Do you want: a traditional funeral? A celebration of life? A graveside-only ceremony? A memorial service weeks after death? An intimate family gathering vs. open community event? A living wake (while you're still alive)?

Location

Funeral home chapel? Religious institution? Outdoor location? Your home or a family home? A place meaningful to you (a favorite park, beach, community space)?

Music

Specific songs you want played (and in what format — live, recorded). Songs you explicitly don't want. The tone you want — solemn and reverent, or joyful and celebratory, or a mix.

Readings and Speakers

Specific poems, passages, or prayers. People you want to speak (and what you'd want them to say, if you want to guide it). People you explicitly do not want to speak.

Rituals and Elements

Flowers (or no flowers)? Charitable donations instead? Open casket or closed? Specific religious or cultural rituals? Activities (a toast, a shared meal, a specific ritual)?

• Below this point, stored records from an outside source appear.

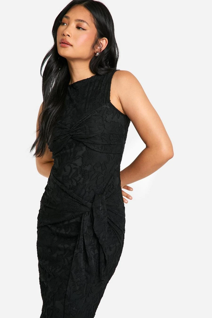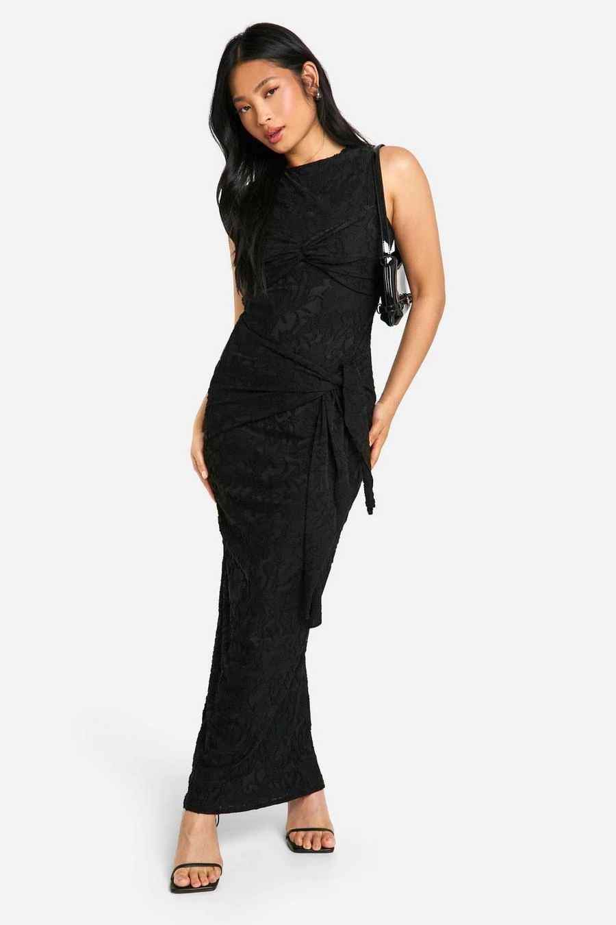 BOOHOO Petite Burnout Floral Tie Twist Maxi Dress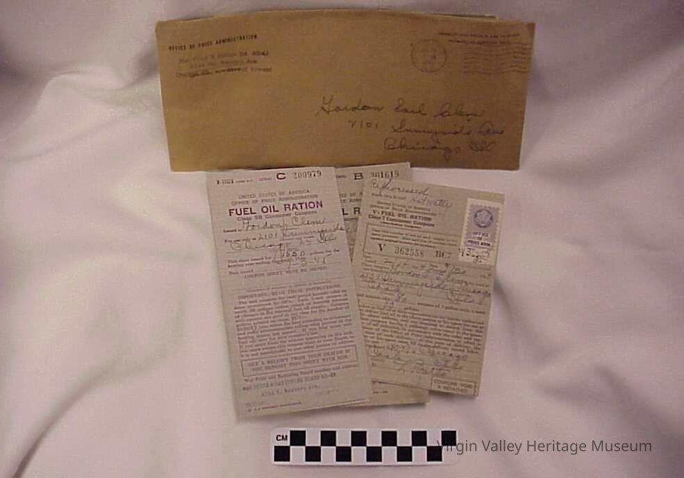War Rations for Fuel Oil - Used during W W I I - Issued to Gordon Clem in Chicago, Ill Envelope with receipts for fuel Oil and Water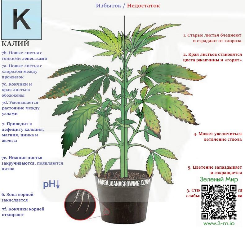 Как проявляется дефицит калия у каннабиса?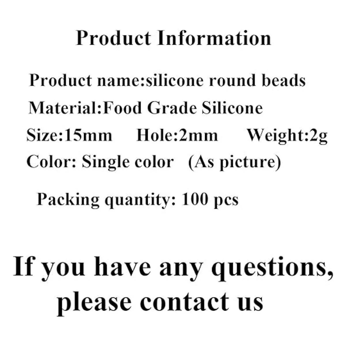 Accesorio de perlas de silicona DIY: cuentas redondas de silicona de 0.591 in para llavero. Agujero: 0.079 in. Color único: como se muestra en la imagen. Cantidad del paquete: 100 unidades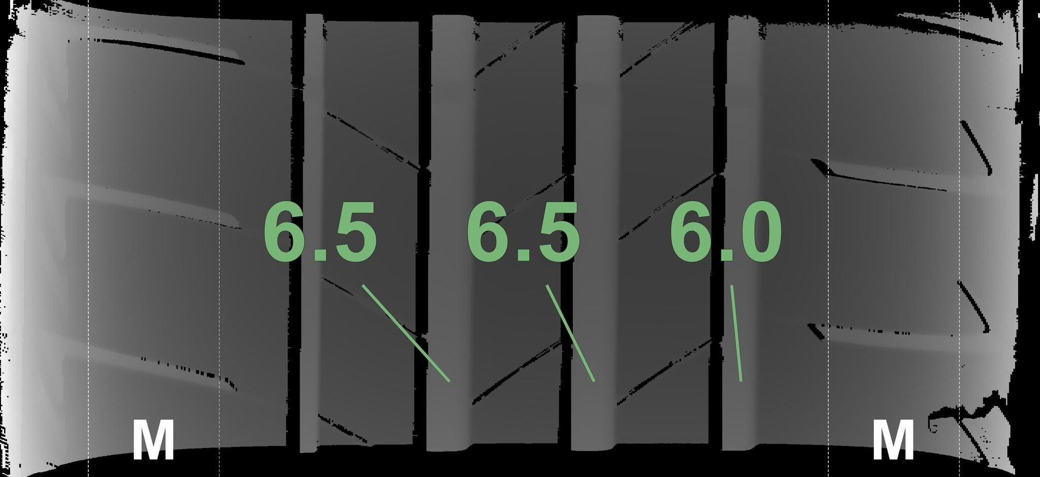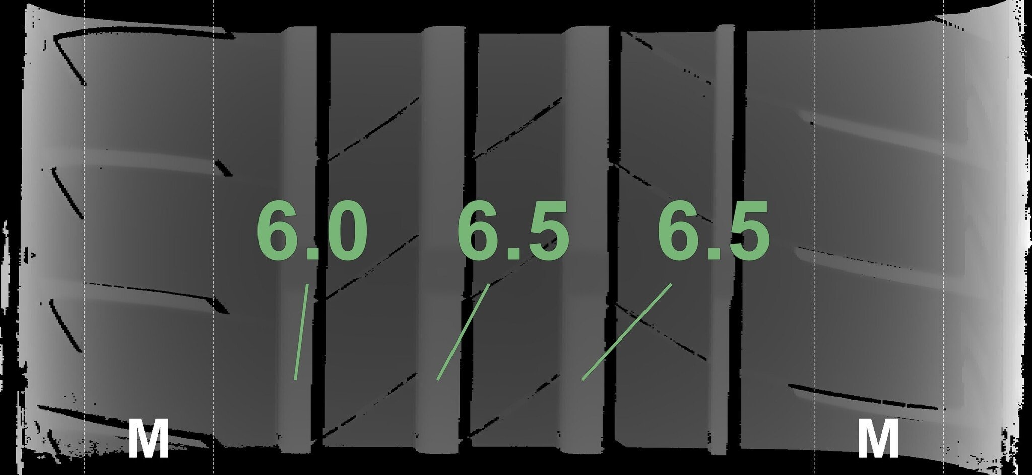 De gemeten profieldieptes en de details van de velgen zijn hierboven weergegeven.
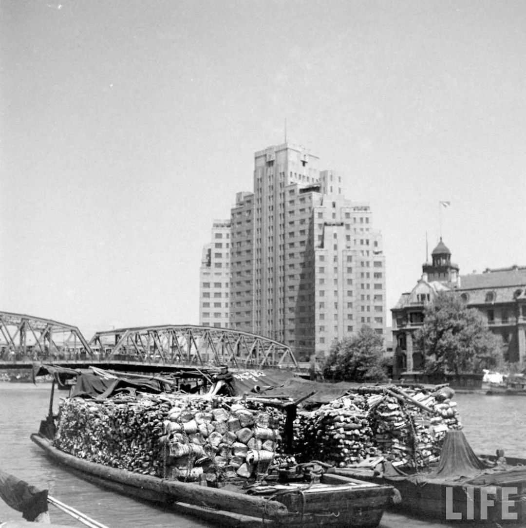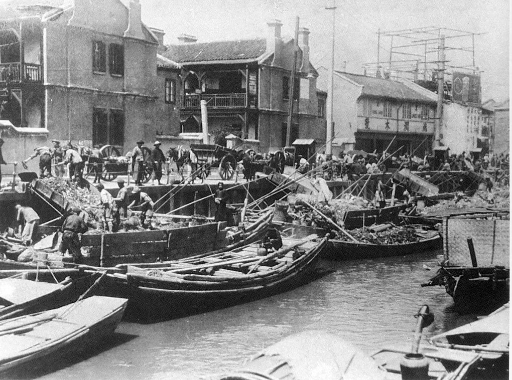 20世紀40年代后期,蘇州河口中運輸垃圾的駁船。圖中可見,裝載的垃圾已經(jīng)過初步歸類

Objects you want present or distributed?

Practical Elements

Where do you want your body (burial, cremation, natural burial, donation, other)? If cremation, what should be done with the remains? Are there specific people you want notified?

How to Document It

Write it down and make sure multiple people know where to find it. Options:

  • Include it in your advance directive or as an attached document
  • Keep it with your will (in the same location)
  • Write it as a letter to your family and give it to your designated person now
  • Record a video of your wishes that can be played at the service itself

Critically: do not put it only in a safe deposit box — families often can't access those immediately after death.

How a Death Doula or Funeral Celebrant Helps

A death doula can facilitate the pre-planning conversation, help you articulate your wishes, and document them in a useful format. A funeral celebrant can receive your preferences now and be engaged to lead your service when the time comes. Both can be engaged well in advance of any terminal diagnosis — this is a service for the living.

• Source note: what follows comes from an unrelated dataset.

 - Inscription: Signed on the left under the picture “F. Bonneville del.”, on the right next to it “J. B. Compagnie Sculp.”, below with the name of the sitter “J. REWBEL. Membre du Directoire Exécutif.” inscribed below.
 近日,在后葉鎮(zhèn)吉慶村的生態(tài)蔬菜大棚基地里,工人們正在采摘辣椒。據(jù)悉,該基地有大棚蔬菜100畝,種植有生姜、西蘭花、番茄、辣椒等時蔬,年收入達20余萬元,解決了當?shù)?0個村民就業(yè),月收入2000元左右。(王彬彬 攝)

Frequently Asked Questions

Can I pre-plan my memorial service without a terminal diagnosis?

Absolutely. Pre-planning is most valuable when done while healthy — before a crisis forces hasty decisions under grief. Estate planning attorneys, death doulas, and funeral homes regularly work with healthy people who want to remove this burden from their families.

What's the difference between pre-planning and pre-paying for a funeral?

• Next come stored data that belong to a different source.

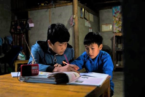 ラオカイ省に住む、15歳のドゥオンさんと13歳のタインさん兄弟。COVID-19の影響で多くの同級生がスマートフォンやパソコンを使ってオンライン授業に参加する中、古いラジオで授業を録音して聴いている。 (ベトナム、2021年12月撮影)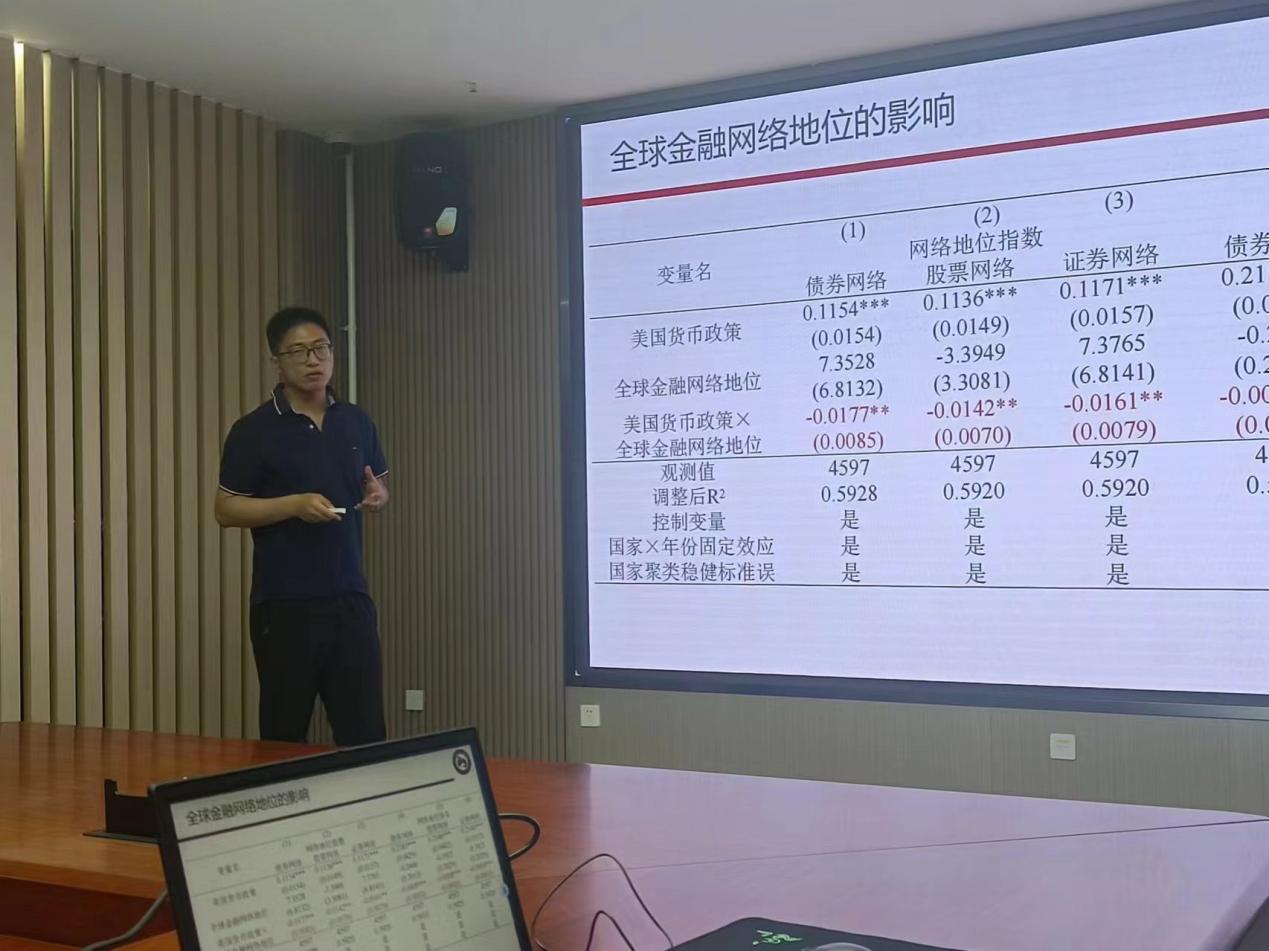 李興申報告了論文《美國貨幣政策與全球經濟周期同步性:基于全球金融網絡地位視角的分析》,深入探討了美國貨幣政策與全球經濟周期同步性的關系,并且采用了多種穩健性檢驗方法,增強了研究的科學性和嚴謹性,也為政策制定者提供了更準確的參考依據。王愛萍分別從論文的選題、研究貢獻和研究內容等方面進行了點評和建議。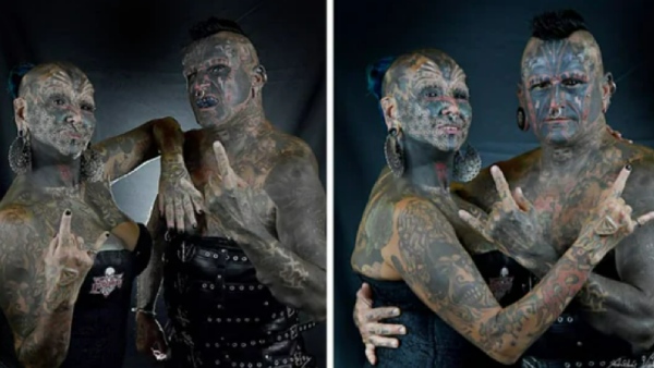 அடுத்த சாதனை நம்மை கொஞ்சும் பயமுறுத்தும் வகையில் இருக்கும். அதாவது உலகிலேயே அதிக உடல் மாற்றங்களை செய்த தம்பதியினர்தான் இந்த கின்னஸ் சாதனையை படைத்திருக்கிறார்கள். இவர்கள் அப்படி என்ன மாற்றத்தை செய்திருக்கிறார்கள் என்று கேட்கிறீர்களா? இவர்கள் இருவரும் சேர்ந்து தலா 98 டாட்டுக்களை தங்கள் உடலில் குத்தியுள்ளார்கள். மட்டுமல்லாது 50 இடங்களில் உடலில் துளையிட்டு அணிகலன்களை அணிந்திருக்கிறார்கள். இதேபோல 8 இடங்களில் கம்மல்களையும் குத்திக்கொண்டுள்ளனர். இது தவிர இவர்களது உடலில் 14 இடங்களில் செயற்கையாக பொருட்கள் உள்வைக்கப்பட்டுள்ளன.

Pre-planning means documenting your wishes. Pre-paying (pre-purchasing) means paying for specific funeral services in advance, often at today's prices. Pre-planning is always advisable; pre-paying has pros (locked prices, family protection) and cons (financial risk if the funeral home closes or you move). Consult a funeral home and potentially a financial advisor before pre-paying.

How do I make sure my family follows my pre-planned wishes?

Document them in writing and make sure multiple trusted people know where the documents are. Include them with your advance directive and will. Tell your designated person (Healthcare POA, executor) explicitly. The more people who know, the more likely they are to be honored. Written instructions are legally persuasive even when not legally binding.

Can I include specific songs or readings in my pre-planned memorial?

Yes, and this is often the most valued part of pre-planning. List specific songs (title, artist, version if relevant), readings, poems, or prayers. Include the tone you want — solemn, joyful, or both. If you have a specific person in mind to speak, tell them now. The most personalized memorials come from the most specific pre-planning.